Bond is the consummate Brit abroad; bedding the local women, brawling with security guards and remaining suspicious of just about every foreigner he meets. And all in a damned fine suit.

Let’s not forget his accomplices – Tiger Tanaka, the subterranean spymaster who cackles as his grunts drop cars in the sea from helicopters (“How is that for Japanese efficiency?”) – and Q, who appears ruddy-faced and grumpy with the heat to dispense murderous stationary whilst modelling some fetching khaki shorts.

“I shall look forward personally to exterminating you, Mr Bond.”

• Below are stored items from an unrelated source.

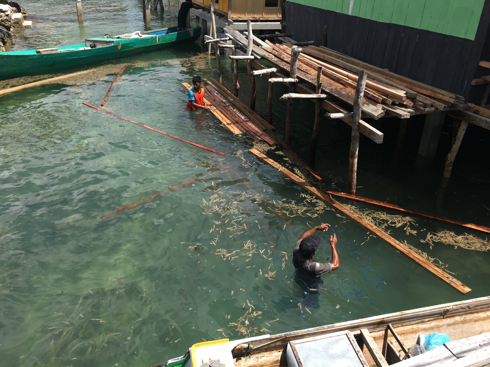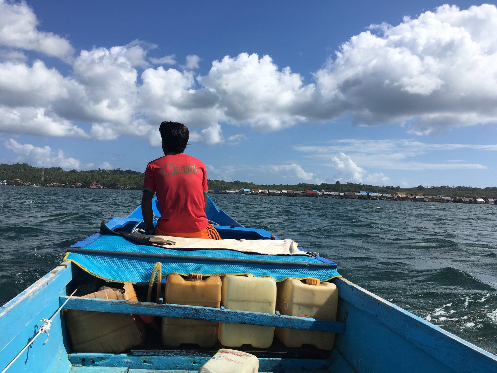 Φάγαμε τον αστακό της Βία-Κίρκης και κατέβηκα στην αμμουδιά για να με παραλάβουν οι δύο βοηθοί του Πόνταν με την βάρκα του. Μετά ένα σύντομο σκαμπανέβασμα, βρέθηκα να σκαρφαλώνω στις καρφωμένες σανίδες σε πασάλους που στηρίζονται στον κοραλλιογενή ύφαλο, οι οποίες αποτελούν τους δρόμους της Σαμπέλα, του χωριού των νομάδων της θάλασσας. Ο Πόνταν με περίμενε με ένα συγκρατημένο χαμόγελο και μου έδειξε αμέσως την καλύβα που θα διέμενα: δύο ολόκληρα δωμάτια με ένα στρώμα και μια λάμπα, και τουαλέτα η οποία είχε άμεση επαφή με την θάλασσα. Αν δεν προσέξεις και πατήσεις βαριά στις λεπτές σανίδες μπορεί να βρεθείς κι εσύ μέσα. Ο Πονταν κάνει μπίζνες, αφού ο μοναδικός από τους νομάδες που ξέρει Αγγλικά.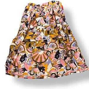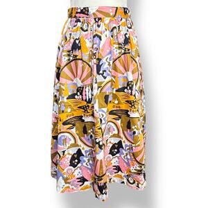 ModCloth Psychedelic Midi Skirt Retro Pink Orange Purple Tie Waist Bow Detail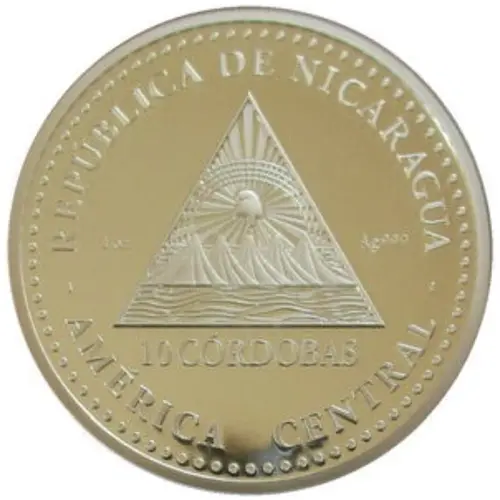 | نوشتههای روی سکه | REPÚBLICA DE NICARAGUA 1 oz Ag 999 10 CÓRDOBAS - AMÉRICA CENTRAL - (Translation: Republic of Nicaragua 1 Ounce .999 Silver Central America) |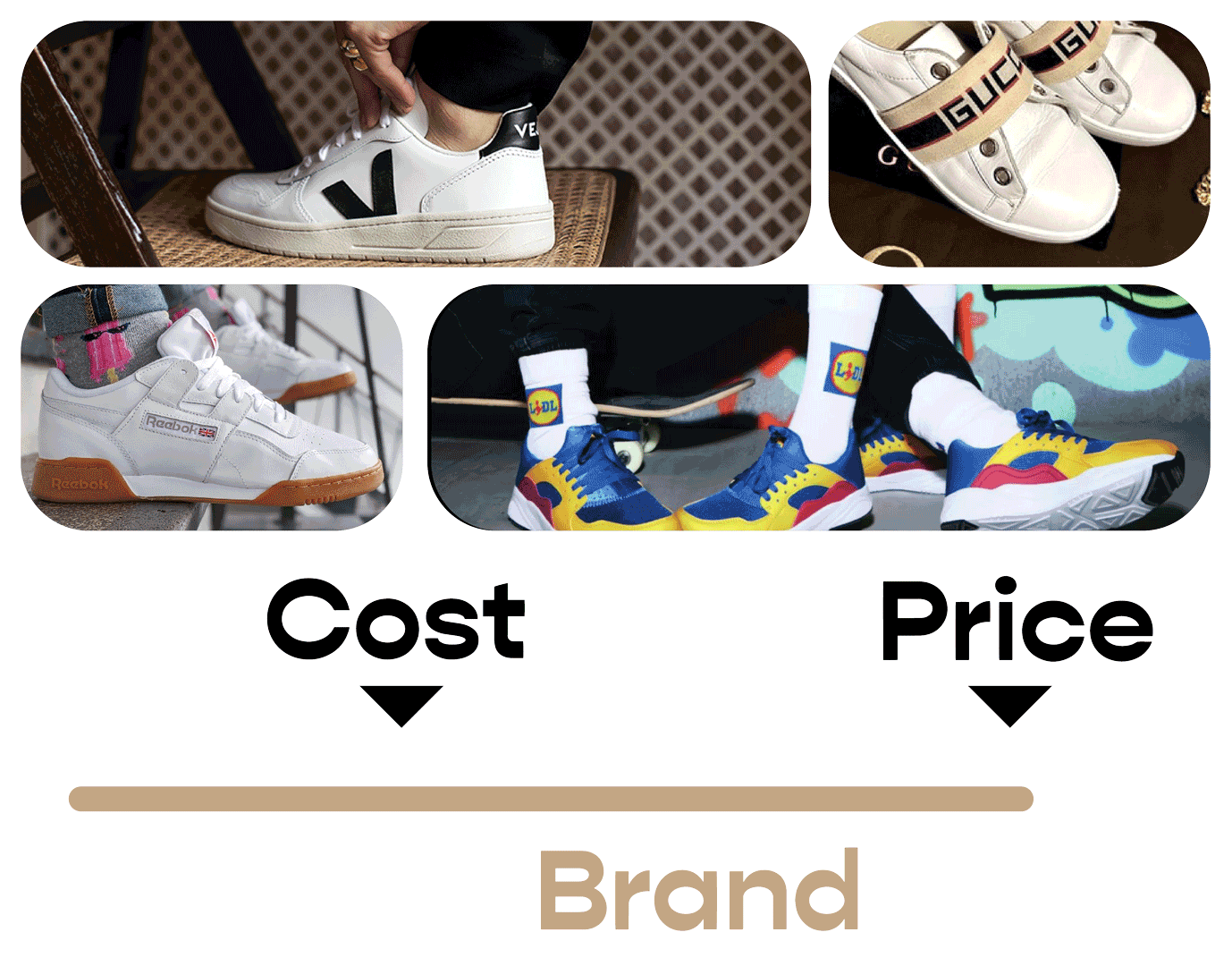 Revenons aux bases: en définitive si Titouan opte pour la sneaker A plutôt que la sneaker B, son choix tient davantage à l’aura de la marque qui rejaillira sur lui, selon que le logo floqué sur le cuir soit Reebok, Gucci, VEJA ou même Lidl.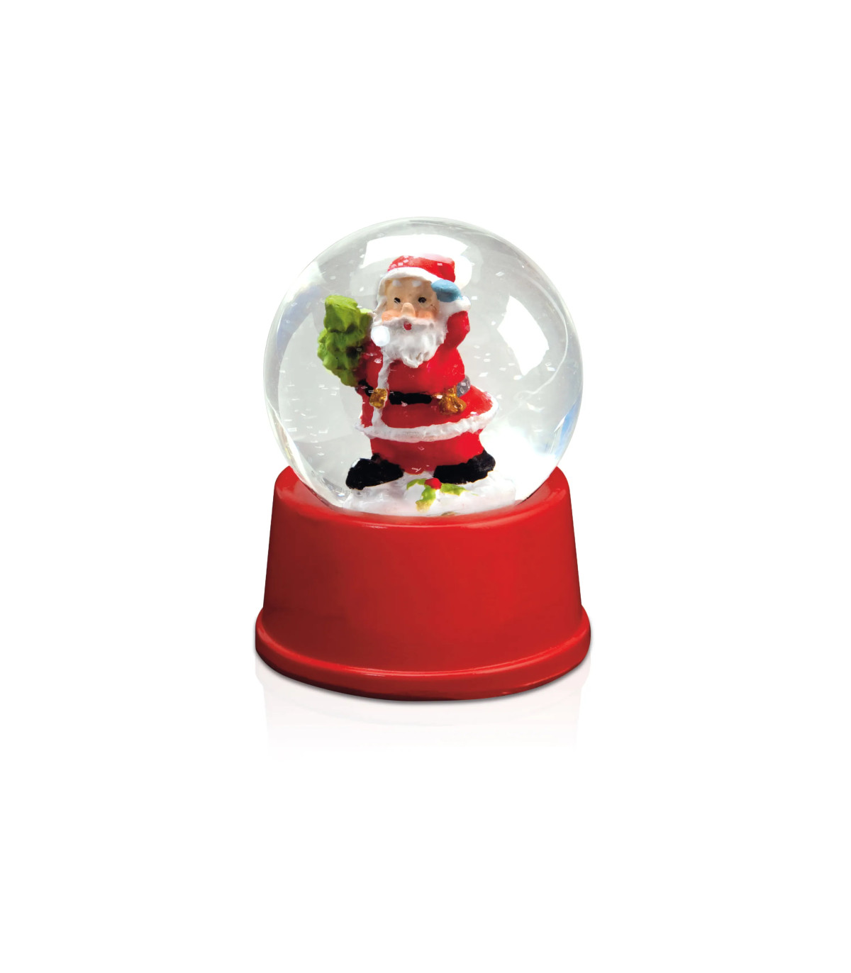 Bola de navidad con líquido interior con nieve y divertido diseño de Papá Noel. Presentada en caja individual con protección.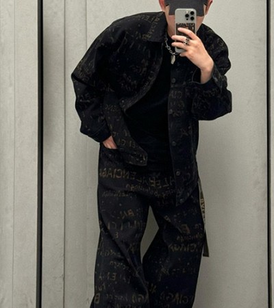 • [홍콩명품.BALENCIAGA] 발렌시아가 25SS 로고 프린트 데님 카라 자켓 + 오버핏 데님 팬츠 진 청바지 상하의 세트 (네이비), BM19892, JL, 홍콩명품의류,구매대행,온라인명품

It also has the finest villain in film history. Cat lover Ernst Stavro Blofeldt is despicable, Machavellian and brilliant. What’s the easiest way to provoke an apocalyptic war between two superpowers? Well, kidnap their space rockets with your own Pacman-esque spacecraft and bring them back to your volcanic lair, of course.

Donald Pleasance’s rendition of SPECTRE’s main man simply oozes style. Who else would have the chutzpah – the sheer force of will – to build a monorail-equipped volcano base with a piranha pool and a drawbridge?

You can keep your realism and emotional subplots to yourself. I’ll take Sean Connery and a glass of sake any day of the week.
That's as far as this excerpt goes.